Comparing the test statistic to the critical value

Now we can compare our test statistic (\(t \approx 2.01\)) to the critical value (\(t_{\alpha} \approx 1.740\)). To make our decision, we look at the following: - If \(t > t_{\alpha}\), reject the null hypothesis (H0) in favor of the alternative hypothesis (Ha). - If \(t \leq t_{\alpha}\), fail to reject the null hypothesis (H0). Since \(2.01 > 1.740\), we reject the null hypothesis, stating: There is enough evidence, at the 5% significance level, to support the claim that the mean difference (\(\mu_{d}\)) is greater than 0.

Key concepts

Null and Alternative Hypotheses

When starting a hypothesis test in a paired-difference experiment, it's crucial to clearly define the null and alternative hypotheses. These hypotheses help us understand what we are testing for and guide us through the analysis.
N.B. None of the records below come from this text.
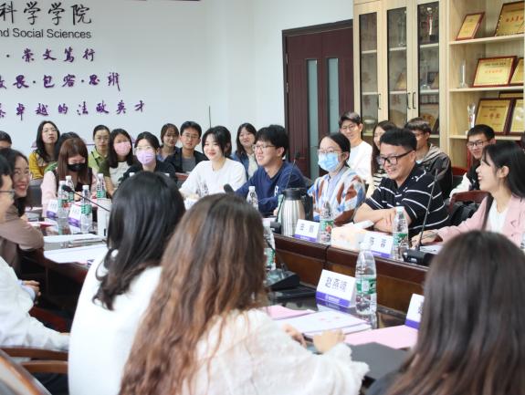 在座谈交流环节,同学们畅所欲言。大家就考研、就业、论文写作、参赛选题等方面的问题和困难坦诚交流,真诚沟通,同时对学院进一步做好学生服务工作提出意见和建议。与会老师认真倾听记录同学们反映的问题,并予以解答。楚广兴鼓励同学们努力学习、崇尚科学、追求真知,用不懈奋斗擦亮青春底色,用实际行动展现新时代人文青年的责任担当。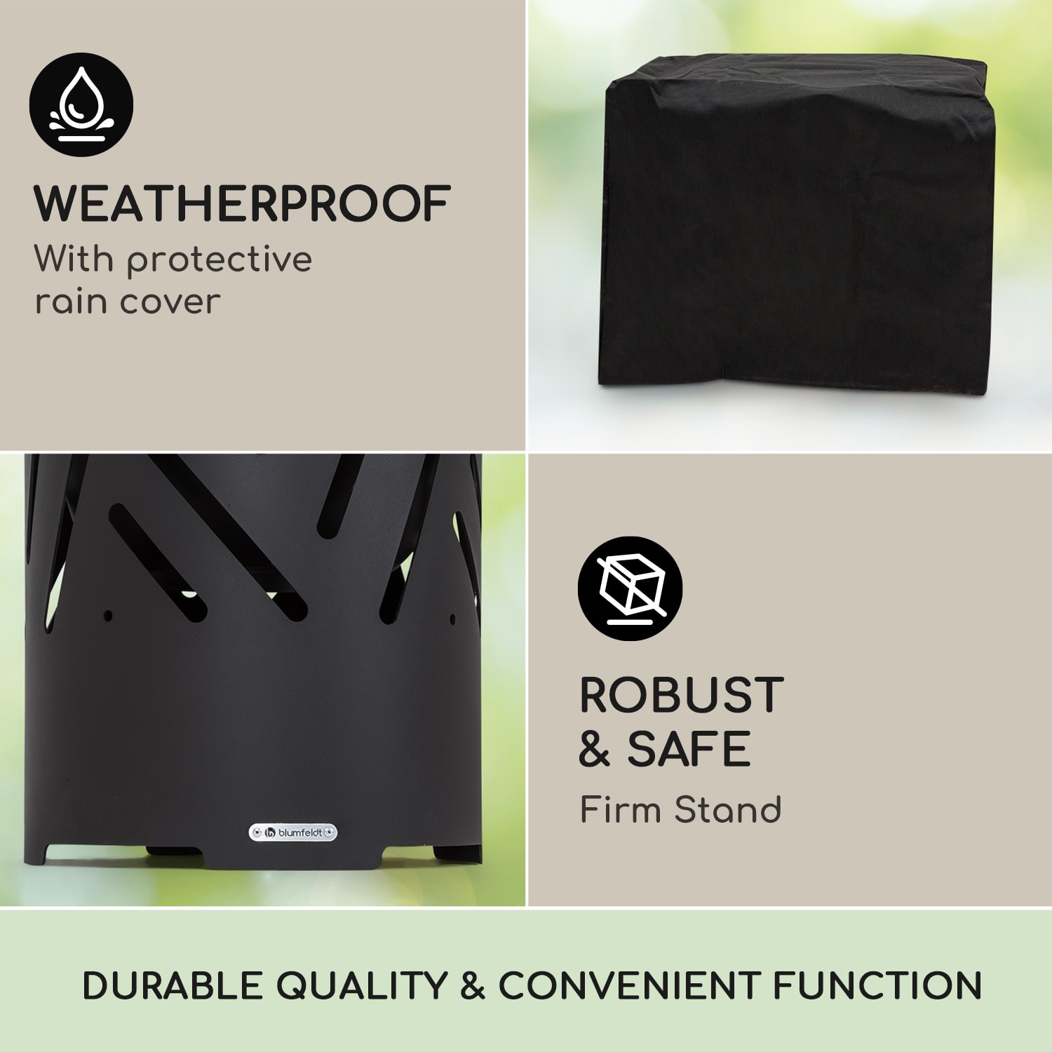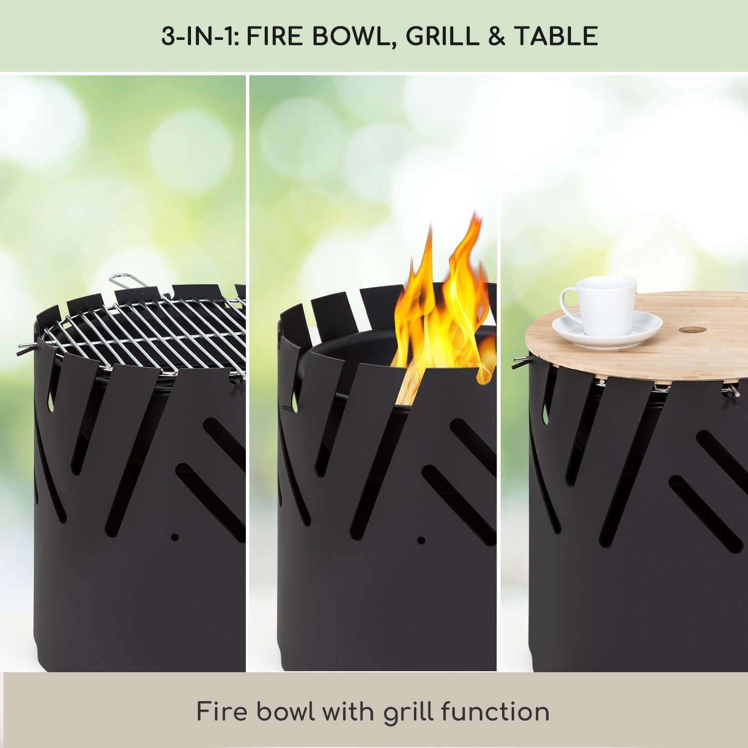 Vychutnajte si šťavnaté vyprážané pochúťky s rodinou a priateľmi s ohniskom BlumfeldtCrown s funkciou grilu a stola a zažite neporovnateľnú atmosféru otvoreného ohňa pod hviezdnou oblohou. Pohľadné ohnisko s priemerom 46 cm je celé vyrobené z ocele a pôsobí atmosferickým dojmom vďaka pruhovanému vzoru, ktorý necháva jasne vyniknúť svetlo plameňov. Konštrukcia je chránená pred vodou a mrazom a vďaka hrúbke materiálu 3 mm je aj pomerne ľahká. Umiestnením grilovacieho roštu na vrchnú časť sa ohnisko premení na gril pre chutné pochúťky ako sú grilované klobásky, steaky, zeleninové špízy alebo dokonca grilovaný syr. A keď sa ohnisko alebo gril nepoužívajú, môžete na ne jednoducho položiť okrúhlu bambusovú dosku a užívať si praktický záhradný stôl. Súčasťou dodávky je aj praktický rošt na drevené uhlie, pohrabáč a odolná ochrana proti vplyvom počasia, ktorá záhradné príslušenstvo 3 v 1 vždy ochráni pred vetrom a poveternostnými vplyvmi.Ohnisko s funkciou grilu a stola blumfeldt Crown: Útulná záhradná atmosféra a lahodný pôžitok z praskania grilu s výškovo nastaviteľným grilovacím roštom.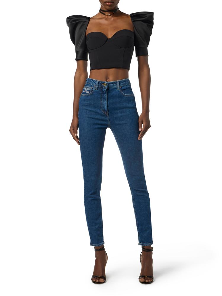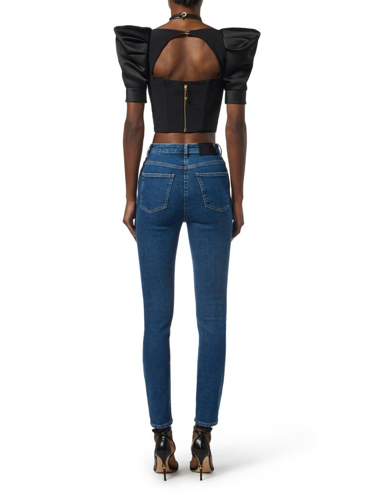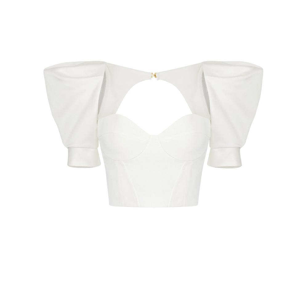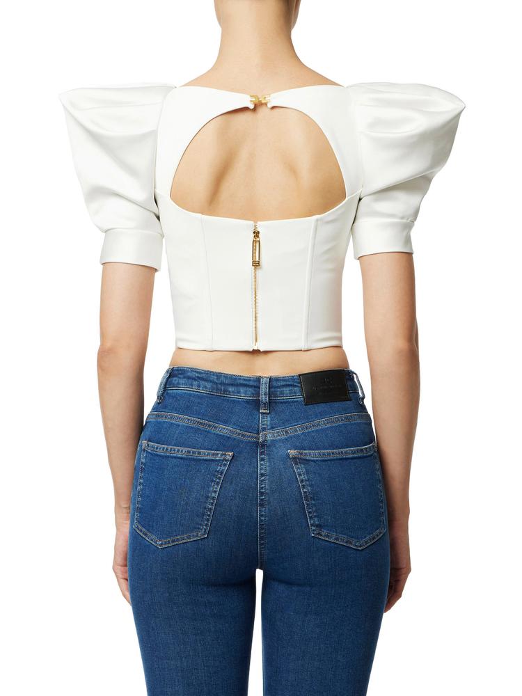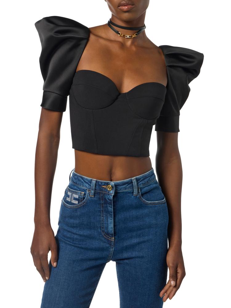 Top in crêpe and duchess satin fabrics. It stands out for its wide balloon sleeves, constructed with pleated workmanship for striking volumes. Shaped bustier-inspired cuts give structure to the cups and hips. Slim fit.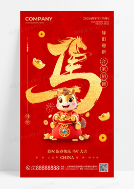 2026年马年新年海报红色 大气金马贺岁马年大吉

In general, the **null hypothesis** \((H_0)\) represents a statement of no effect or no difference. It often includes a specific value for the parameter being tested. In the context of a paired-difference experiment, the null hypothesis might propose that the mean difference \(\mu_d\) between paired observations is zero (\(H_0: \mu_d = 0\)).

Meanwhile, the **alternative hypothesis** \((H_a)\) challenges the null hypothesis. It suggests there is an effect or a difference. In this case, we want to determine if the mean difference is greater than zero (\(H_a: \mu_d > 0\)).
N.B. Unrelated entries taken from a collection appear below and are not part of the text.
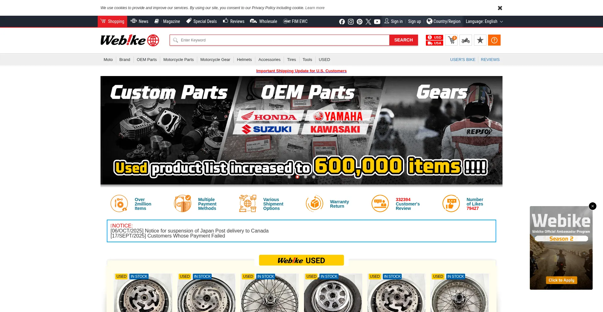 Webike: Motorcycle Parts, Accessories, Gears, OEM parts & Reviews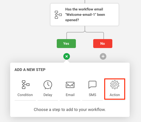Click the “+” sign below the “Yes” conditional branch and add an “Action” step.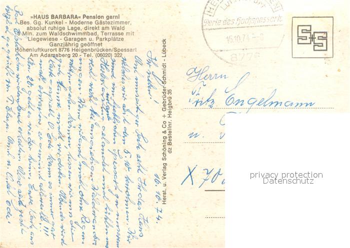 73646426 alte Postkarte Heigenbruecken Haus Barbara Terrasse Fliegeraufnahme postalisch gelaufen Erhaltung siehe scans [WerneD78] KatCode: 11110009671126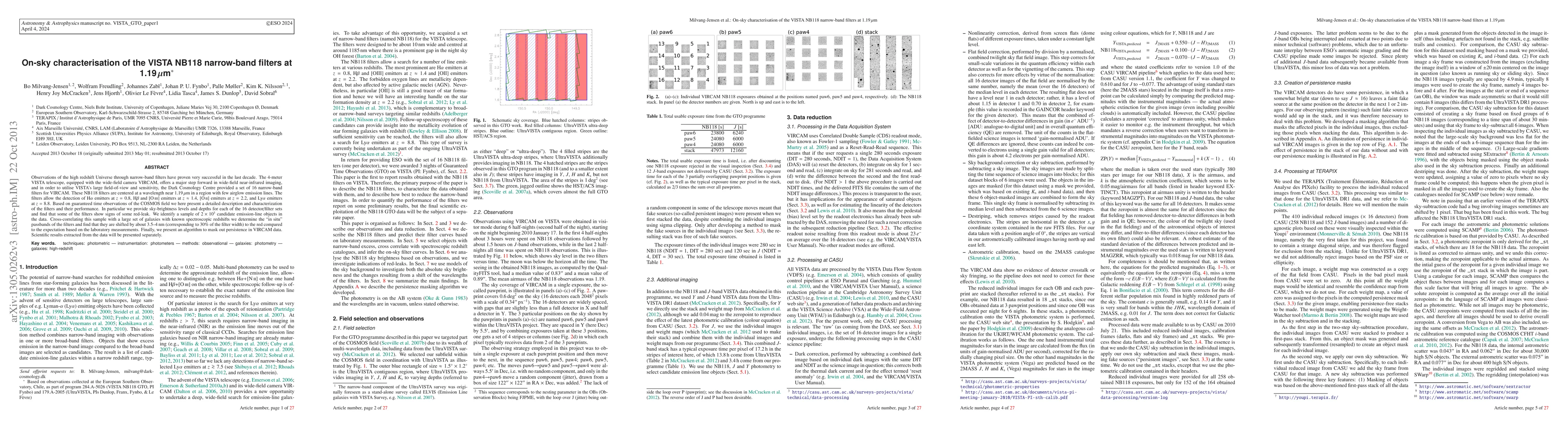 This paper characterizes the performance of VISTA NB118 narrow-band filters centered at 1.19 micron, used for detecting high-redshift emitters. It finds that the filters exhibit red-shifted passbands and some red-leak, and presents an algorithm for masking VIRCAM data persistence.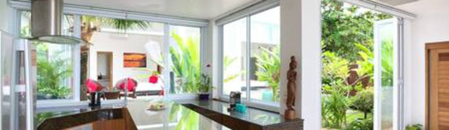 The villa features tinted windows which draw back the full width of the house, drawing a beautiful tropical breeze through the villa and affording unbroken panoramic views of the beach and sea.
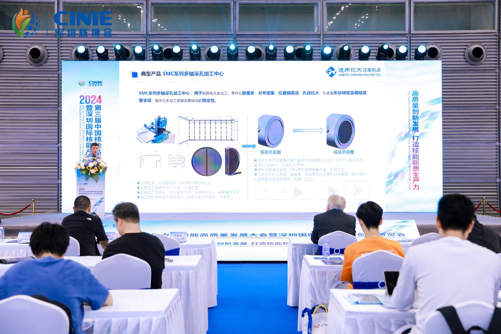 通用技术集团沈阳机床有限责任公司展示了该公司SMC系列多轴深孔加工中心在国产装备在核电领域的探索与应用,以高精、高效、高刚性、高稳定性、无措加工的产品水平达到国际先进水平。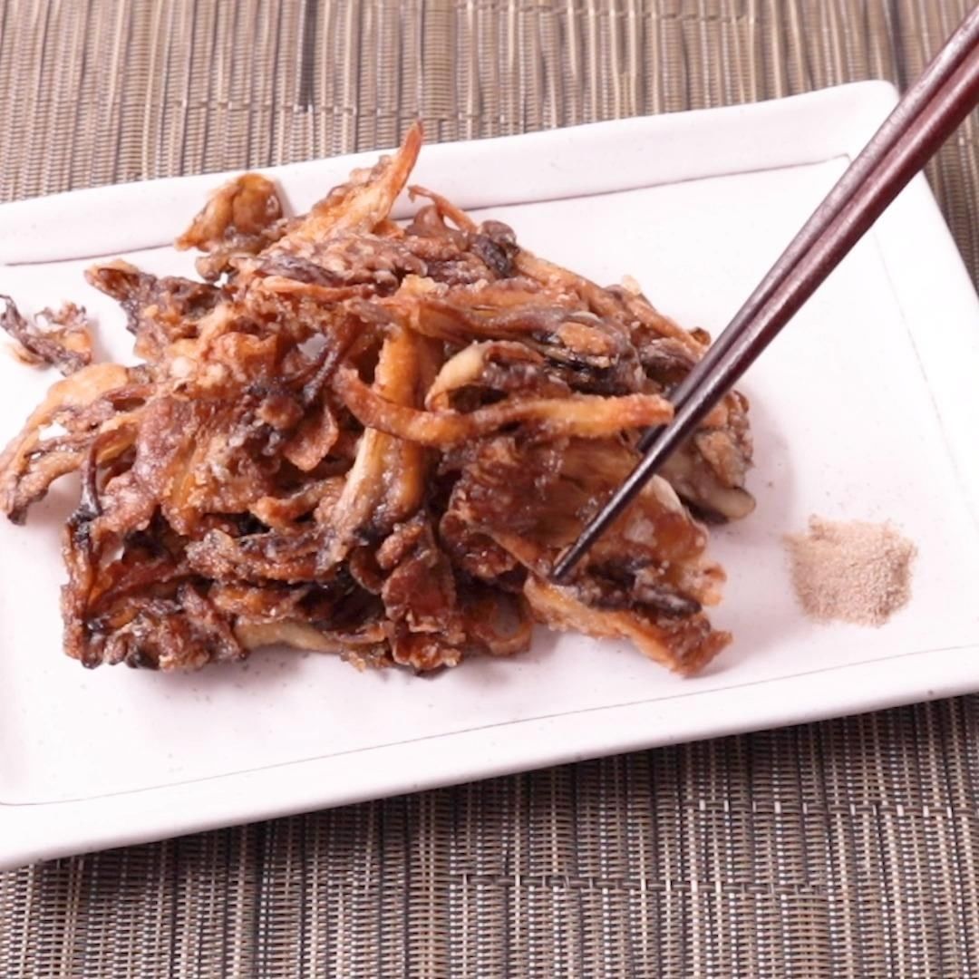 旨味たっぷりのまいたけを片栗粉をまぶしてカリカリに焼いた、やみつきになる事間違いなしの一品です。少ない材料でとっても手軽で簡単に作れるので、お昼ごはんや晩ごはんの食卓の一品やお酒のおつまみにもぴったりです。ぜひ作ってみてはいかがでしょうか。 .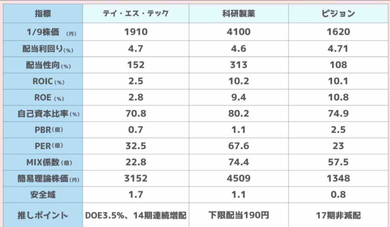 スクリーニングした3銘柄がこちらです。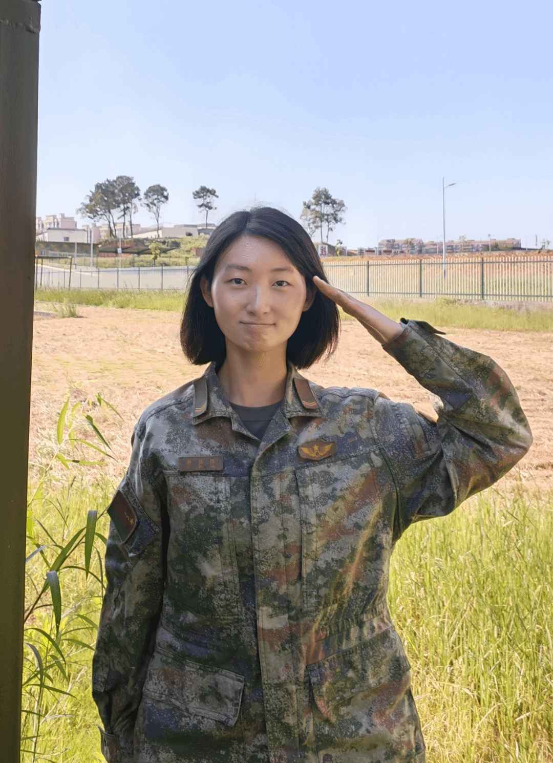 2023年秋季入伍,在新训时期刻苦训练,在右跟骨骨折的情况下,仍坚持完成全部结业考核任务,在射击考核中,获得了全学兵营队女兵第一的成绩,下连时,选至旅队荣誉连队,成为战区陆军总机的一名话务员,担任连队团支部宣传委员,坚守值勤岗位, 两年内参加“边境封控—济南”、“第十批马里维和官兵回国”、“两会”期间等重要通信保障任务,同时连队也是“阳光带兵法”的发源地,连队24年被中央军委政治工作部联合表彰为“全军信息通信战备先进单位”,多次参加旅队及军地联谊等重要演出任务,获2025年秋季士兵战备训练“嘉奖”。

Writing clear hypotheses is essential because they form the basis of the testing procedure. If the evidence supports the alternative hypothesis, we may reject the null hypothesis, indicating a potential effect or difference in the context of our study.

T-test

A t-test is a statistical test used to compare the means of two groups or to compare a sample mean with a known value. When you have paired data, as in a paired-difference experiment, a t-test can help determine if there is a significant difference between the paired values.

In a paired-difference test, we perform a **t-test** to check if the mean of the differences \(\bar{d}\) between paired observations is significantly different from zero. The t-test uses the sample data to determine whether the differences are statistically significant.

This process usually involves formulating a hypothesis, calculating a t statistic, and determining whether this statistic supports the null or alternative hypothesis based on a comparison with a critical value.

Test Statistic

The **test statistic** is a key component in hypothesis testing that allows us to compare our sample data against the null hypothesis. It is a numerical summary of the data that is used to determine whether or not to reject the null hypothesis.

In a paired t-test, the test statistic \(t\) is calculated using the formula:

\[ t = \frac{\bar{d} - \mu_d}{s_d/\sqrt{n}} \]

Where:

• \(\bar{d}\) is the mean of the differences between paired observations.
• \(\mu_d\) is the mean difference under the null hypothesis.
• \(s_d\) is the standard deviation of the differences.
• \(n\) is the number of paired differences.

The test statistic is used to determine where our sample mean falls in relation to the distribution expected under the null hypothesis. We use this value to find if our results are statistically significant by comparing it to a critical value from the t-distribution, based on our desired level of confidence and degrees of freedom.

Degrees of Freedom

**Degrees of freedom** refer to the number of values in a calculation that are free to vary while estimating statistical parameters. They are crucial in determining the precise shape of the t-distribution used in a hypothesis test.

For a paired-difference t-test, the degrees of freedom (df) are calculated as one less than the number of pairs. If there are \(n = 18\) pairs, then the degrees of freedom are:

\[ df = n - 1 = 18 - 1 = 17 \]

Degrees of freedom affect the critical value used to decide whether to reject the null hypothesis. The smaller the sample size, the larger the critical value must be to reach the same confidence level. This is because smaller samples provide less certainty about the population parameters.